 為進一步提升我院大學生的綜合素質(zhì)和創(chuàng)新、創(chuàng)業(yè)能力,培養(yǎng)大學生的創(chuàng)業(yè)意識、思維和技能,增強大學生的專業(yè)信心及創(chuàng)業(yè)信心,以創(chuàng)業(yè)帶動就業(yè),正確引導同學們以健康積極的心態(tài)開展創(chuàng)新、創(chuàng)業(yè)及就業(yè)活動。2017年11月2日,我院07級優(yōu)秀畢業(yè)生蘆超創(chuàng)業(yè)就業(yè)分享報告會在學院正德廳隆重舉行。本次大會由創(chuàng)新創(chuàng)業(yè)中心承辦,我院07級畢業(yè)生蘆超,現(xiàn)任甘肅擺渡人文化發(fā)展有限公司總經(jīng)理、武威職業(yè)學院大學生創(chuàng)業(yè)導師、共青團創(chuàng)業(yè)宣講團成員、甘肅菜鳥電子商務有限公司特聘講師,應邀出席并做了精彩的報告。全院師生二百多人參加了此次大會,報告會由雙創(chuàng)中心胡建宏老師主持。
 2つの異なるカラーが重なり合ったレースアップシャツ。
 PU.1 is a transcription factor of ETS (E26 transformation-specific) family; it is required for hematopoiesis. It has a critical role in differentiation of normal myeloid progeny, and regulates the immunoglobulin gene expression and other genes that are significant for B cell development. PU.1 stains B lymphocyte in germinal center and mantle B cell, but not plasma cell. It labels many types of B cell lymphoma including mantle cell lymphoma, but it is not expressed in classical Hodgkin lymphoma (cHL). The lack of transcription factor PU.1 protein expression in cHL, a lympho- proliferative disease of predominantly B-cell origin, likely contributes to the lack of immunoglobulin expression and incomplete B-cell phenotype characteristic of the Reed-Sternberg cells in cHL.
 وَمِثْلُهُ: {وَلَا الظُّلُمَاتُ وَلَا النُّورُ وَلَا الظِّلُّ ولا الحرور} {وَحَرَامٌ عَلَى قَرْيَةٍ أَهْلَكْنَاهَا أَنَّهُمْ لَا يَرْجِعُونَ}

> **Task goal**: All of the listing above should be restated word for word.

> **Output for this exercise**:
 為進一步提升我院大學生的綜合素質(zhì)和創(chuàng)新、創(chuàng)業(yè)能力,培養(yǎng)大學生的創(chuàng)業(yè)意識、思維和技能,增強大學生的專業(yè)信心及創(chuàng)業(yè)信心,以創(chuàng)業(yè)帶動就業(yè),正確引導同學們以健康積極的心態(tài)開展創(chuàng)新、創(chuàng)業(yè)及就業(yè)活動。2017年11月2日,我院07級優(yōu)秀畢業(yè)生蘆超創(chuàng)業(yè)就業(yè)分享報告會在學院正德廳隆重舉行。本次大會由創(chuàng)新創(chuàng)業(yè)中心承辦,我院07級畢業(yè)生蘆超,現(xiàn)任甘肅擺渡人文化發(fā)展有限公司總經(jīng)理、武威職業(yè)學院大學生創(chuàng)業(yè)導師、共青團創(chuàng)業(yè)宣講團成員、甘肅菜鳥電子商務有限公司特聘講師,應邀出席并做了精彩的報告。全院師生二百多人參加了此次大會,報告會由雙創(chuàng)中心胡建宏老師主持。
 2つの異なるカラーが重なり合ったレースアップシャツ。
 PU.1 is a transcription factor of ETS (E26 transformation-specific) family; it is required for hematopoiesis. It has a critical role in differentiation of normal myeloid progeny, and regulates the immunoglobulin gene expression and other genes that are significant for B cell development. PU.1 stains B lymphocyte in germinal center and mantle B cell, but not plasma cell. It labels many types of B cell lymphoma including mantle cell lymphoma, but it is not expressed in classical Hodgkin lymphoma (cHL). The lack of transcription factor PU.1 protein expression in cHL, a lympho- proliferative disease of predominantly B-cell origin, likely contributes to the lack of immunoglobulin expression and incomplete B-cell phenotype characteristic of the Reed-Sternberg cells in cHL.
 وَمِثْلُهُ: {وَلَا الظُّلُمَاتُ وَلَا النُّورُ وَلَا الظِّلُّ ولا الحرور} {وَحَرَامٌ عَلَى قَرْيَةٍ أَهْلَكْنَاهَا أَنَّهُمْ لَا يَرْجِعُونَ}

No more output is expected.